To examine whether target and flanker representations are orthogonalized, we first defined target and flanker subspaces from the target direction and flanker direction classifiers used in the decoding analyses described above (Methods). The target direction classifier for a given network layer implicitly defines four decoding vectors, one for each target direction [4], [40]. We define the subspace of the Kl-dimensional feature space spanned by these four vectors as the target subspace; the flanker subspace is defined analogously.
To measure the orthogonality between target and flanker subspaces, we calculated the average of the cosine of the principal angles between the target and flanker subspaces, a metric we refer to as subspace alignment (Methods). Principal angles generalizes the idea of angles between lines or planes to arbitrary dimensions [31], [88]. The subspace alignment metric has a simple interpretation: it is equal to one if the subspaces are completely parallel and zero if they are completely orthogonal.
We first characterized how target/flanker subspace alignment develops across the layers of the trained models (Fig. 5A). Given that target direction decoding is poor in the first two layers (< 50%; Fig. 3B), the decoding vectors used to define the target subspace are not particularly meaningful, and we do not attempt to interpret the subspace alignment metric in these layers. Beginning at the third convolutional layer, when decoding accuracy for both targets and flankers is high (> 90%), we found that target and flanker subspaces are well-aligned. We interpret the high alignment as evidence that the model has learned a common representation for direction that is shared for both targets and flankers. In later layers, we found that target and flanker representations become increasingly orthogonal, consistent with the view that the processing in later layers acts to reduce interference between task-relevant and irrelevant information.
If orthogonalizing target and flanker representations reduces interference from the irrelevant (flanker) information, we should observe a positive correlation between subspace alignment and congruency effects across models, since greater alignment results in more interference. Consistent with this idea, we observed a significant positive correlation between subspace alignment and accuracy congruency effects across models in each layer beginning with the fourth convolutional layer (Fig. 5B-C; adjusted p-value < 0.05 for layers 3–7, permutation test, Bonferroni correction for 7 comparisons). In contrast, we did not observe a significant correlation between target/flanker subspace alignment and RT congruency effects in any network layer, suggesting a mechanistic dissociation between RT and accuracy congruency effects (Fig. S7).

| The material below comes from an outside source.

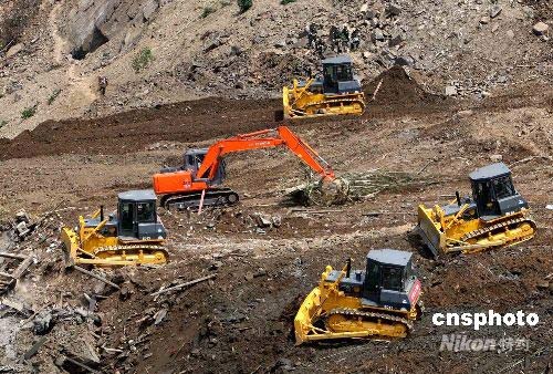 5月26日11時許,俄羅斯米—26大型運輸機運送的大型機械在四川唐家山堰塞湖排險。據悉,他們將24小時不間斷工作。中新社發 趙振清 攝

Representation geometry of task-optimized models
Researchers who use neural network models to study neural representations typically optimize the model to perform a task, rather than fit the model to behavioral data from the task as we do here [45], [81], [86], [87], cf. [13], [29], [75]. This raises the possibility that these two training paradigms induce different representations in the models. To investigate this, we trained CNNs to perform LIM (i.e. output the direction of the target) by minimizing the standard cross-entropy loss function used in image classification tasks. Other than the training objective, all aspects of the optimization algorithm, CNN architecture, initialization, and training data were the same as those used to train the VAM. We trained one task-optimized model for each VAM, using data from the same participants (n = 75 task-optimized models).
We first compared the behavioral outputs of the task-optimized models and the VAMs. We found that the task-optimized models did not exhibit an accuracy congruency effect (Fig. 6A). Note we could not examine the RT congruency effect since the task-optimized models do not generate RTs. Thus, simply training the model to perform the task is not sufficient to reproduce a behavioral phenomenon widely-observed in conflict tasks. This challenges a core (but often implicit) assumption of the task-optimized training paradigm, namely that training a model to do a task well will result in model representations that are similar to those employed by humans.

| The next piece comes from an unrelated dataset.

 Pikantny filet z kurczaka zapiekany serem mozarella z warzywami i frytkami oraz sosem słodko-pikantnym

Above, we showed that VAMs with greater orthogonalization of target and flanker information exhibit smaller accuracy congruency effects (Fig. 5B), providing evidence that the relative geometry of task-relevant and irrelevant representations is a critical determinant of the degree of flanker interference at the behavioral level. Given that the task-optimized models do not exhibit an accuracy congruency effect, we therefore expect that these models would exhibit a higher degree of orthogonalization of target and flanker information. Consistent with this idea, we found that the task-optimized models had lower target/flanker subspace alignment (i.e. higher orthogonalization) for all network layers beginning with the third convolutional layer (Fig. 6B).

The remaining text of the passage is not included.